_What you are asked to do_: Return the records as they stand. No picture is to be included.

Segment Start: Record set

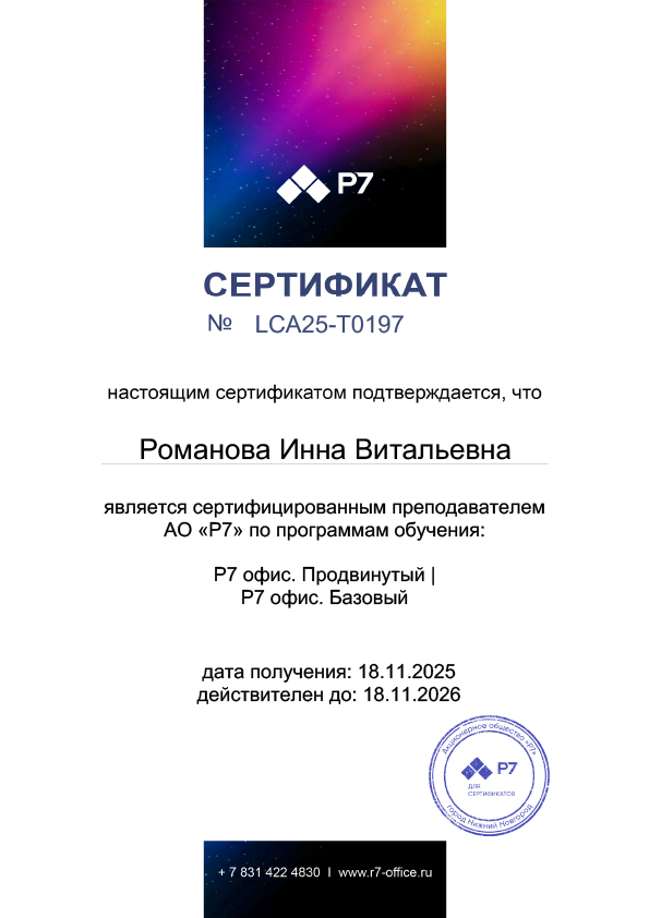 Романова Инна Витальевна - отличный преподаватель, давала интересный материал, понятно объясняла, помогала в сложных моментах, была открыта и готова отвечать на любые вопросы по почте в неурочное время по-домашнему заданию, в аудитории была непринужденная и дружеская атмосфера.
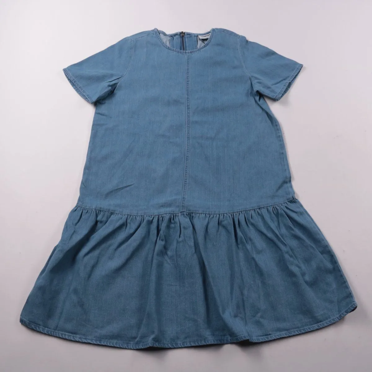 Повседневное джинсовое платье Noisy May из хлопка, прямого кроя с коротким рукавом и присборенной юбкой. Подойдёт для города и прогулок в тёплую погоду, легко сочетается с кедами и сандалиями. Натуральная ткань хорошо дышит и комфортна в носке.
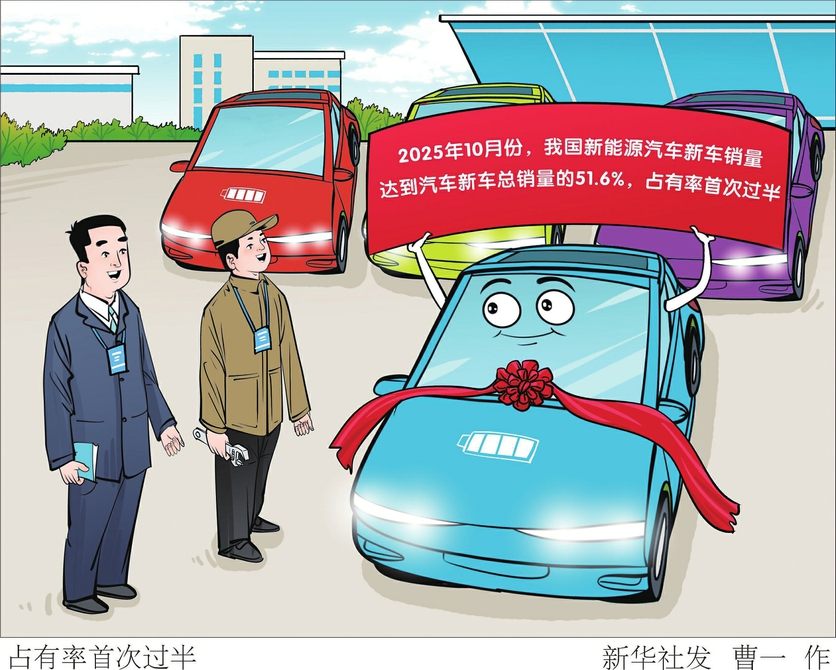 新华社北京11月11日电(记者 唐诗凝)中国汽车工业协会11月11日发布数据显示,2025年10月份,我国新能源汽车产销同比保持快速增长,新能源汽车新车销量达到汽车新车总销量的51.6%,占有率首次过半。
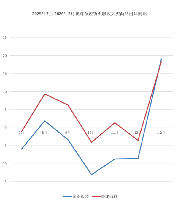 1-2月,我对东盟出口纺织服装79.6亿美元,同比增长19.1%;其中对越南出口纺织服装24.3亿美元,同比增长4.6%;对柬埔寨出口12亿美元,同比增长40.5%;对马来西亚出口9.6亿美元,同比增长40.3%。分产品看,1-2月我对东盟出口纱线面料44.9亿美元,同比增长18.3%;出口服装18.6亿美元,同比增长17%。
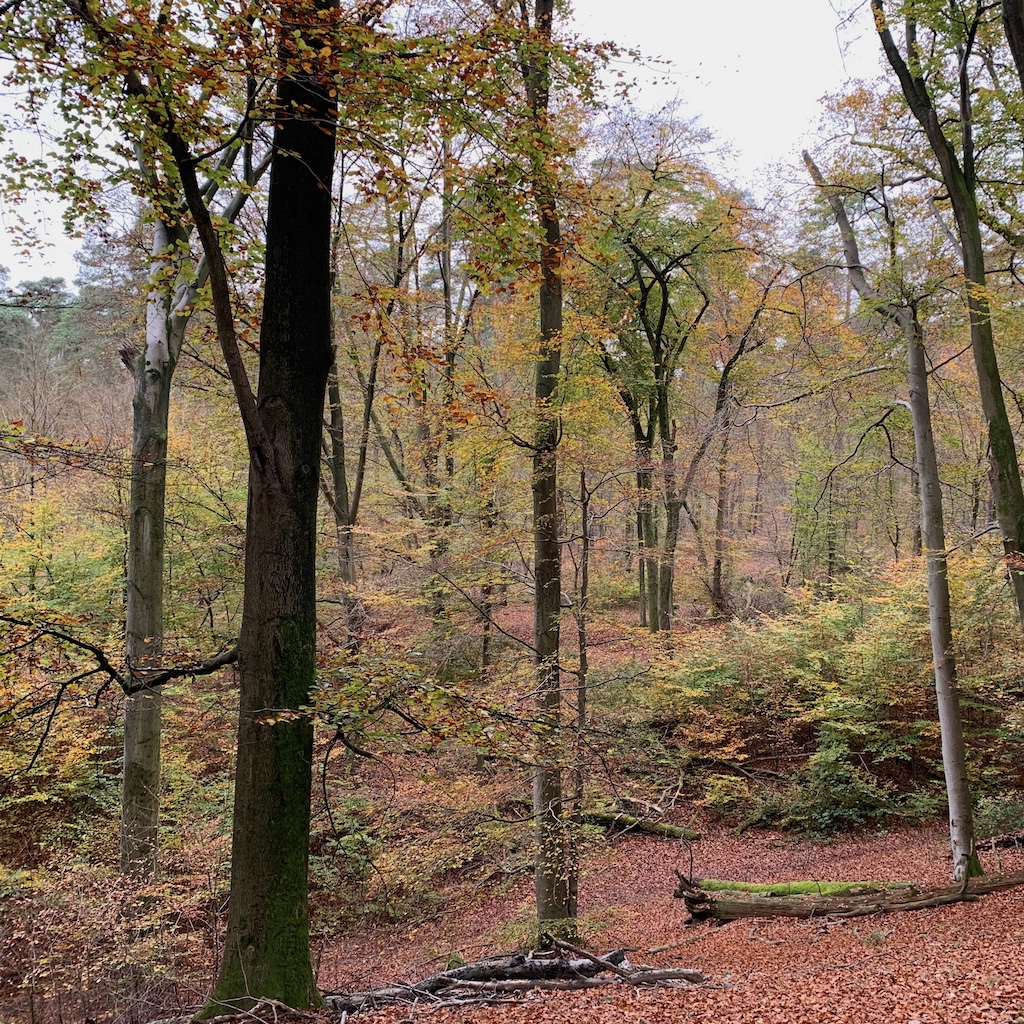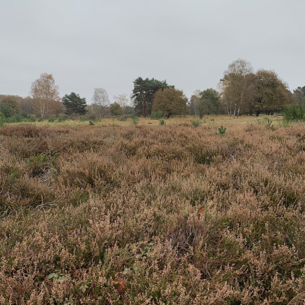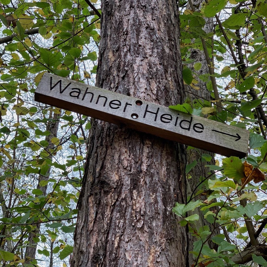 Wie bereits angedeutet hatte ich heute frei. Den Inseltag nutzte ich für eine Wanderung durch die Wahner Heide, eines meiner liebsten Wandergebiete in näherer Umgebung mit vielfältiger Landschaft. Morgens spazierte ich zunächst über den Rhein nach Beuel, wo ich in einer Bäckerei frühstückte, danach weiter zum Beueler Bahnhof. Von dort brachte mich die Bahn (pünktlich, man muss es erwähnen) innerhalb weniger Minuten nach Troisdorf, dem Ausgangs- und Endpunkt der Wanderung. Sie führte im Uhrzeigersinn durch die südliche Heide mit Überquerung des Fliegen- und des Güldenbergs, wobei die Bezeichnung „Berg“ für diese leichten Erhebungen ein wenig übertrieben ist. Aus den geplanten knapp fünfzehn wurden gut neunzehn Kilometer, wegen bewusster Abweichung von der Planroute, einmal führte mich Komoot hinter die Fichte bzw. Buche, einmal verpasste ich eine Abzweigung. Alles überhaupt nicht schlimm, im Gegenteil, das Wanderglück war trotz durchgehendem Hochnebel ungetrübt. Auch die neuen Wanderschuhe bewährten sich bestens.

Segment End: Record set

_Reply_:
 Романова Инна Витальевна - отличный преподаватель, давала интересный материал, понятно объясняла, помогала в сложных моментах, была открыта и готова отвечать на любые вопросы по почте в неурочное время по-домашнему заданию, в аудитории была непринужденная и дружеская атмосфера.
 Повседневное джинсовое платье Noisy May из хлопка, прямого кроя с коротким рукавом и присборенной юбкой. Подойдёт для города и прогулок в тёплую погоду, легко сочетается с кедами и сандалиями. Натуральная ткань хорошо дышит и комфортна в носке.
 新华社北京11月11日电(记者 唐诗凝)中国汽车工业协会11月11日发布数据显示,2025年10月份,我国新能源汽车产销同比保持快速增长,新能源汽车新车销量达到汽车新车总销量的51.6%,占有率首次过半。
 1-2月,我对东盟出口纺织服装79.6亿美元,同比增长19.1%;其中对越南出口纺织服装24.3亿美元,同比增长4.6%;对柬埔寨出口12亿美元,同比增长40.5%;对马来西亚出口9.6亿美元,同比增长40.3%。分产品看,1-2月我对东盟出口纱线面料44.9亿美元,同比增长18.3%;出口服装18.6亿美元,同比增长17%。
 Wie bereits angedeutet hatte ich heute frei. Den Inseltag nutzte ich für eine Wanderung durch die Wahner Heide, eines meiner liebsten Wandergebiete in näherer Umgebung mit vielfältiger Landschaft. Morgens spazierte ich zunächst über den Rhein nach Beuel, wo ich in einer Bäckerei frühstückte, danach weiter zum Beueler Bahnhof. Von dort brachte mich die Bahn (pünktlich, man muss es erwähnen) innerhalb weniger Minuten nach Troisdorf, dem Ausgangs- und Endpunkt der Wanderung. Sie führte im Uhrzeigersinn durch die südliche Heide mit Überquerung des Fliegen- und des Güldenbergs, wobei die Bezeichnung „Berg“ für diese leichten Erhebungen ein wenig übertrieben ist. Aus den geplanten knapp fünfzehn wurden gut neunzehn Kilometer, wegen bewusster Abweichung von der Planroute, einmal führte mich Komoot hinter die Fichte bzw. Buche, einmal verpasste ich eine Abzweigung. Alles überhaupt nicht schlimm, im Gegenteil, das Wanderglück war trotz durchgehendem Hochnebel ungetrübt. Auch die neuen Wanderschuhe bewährten sich bestens.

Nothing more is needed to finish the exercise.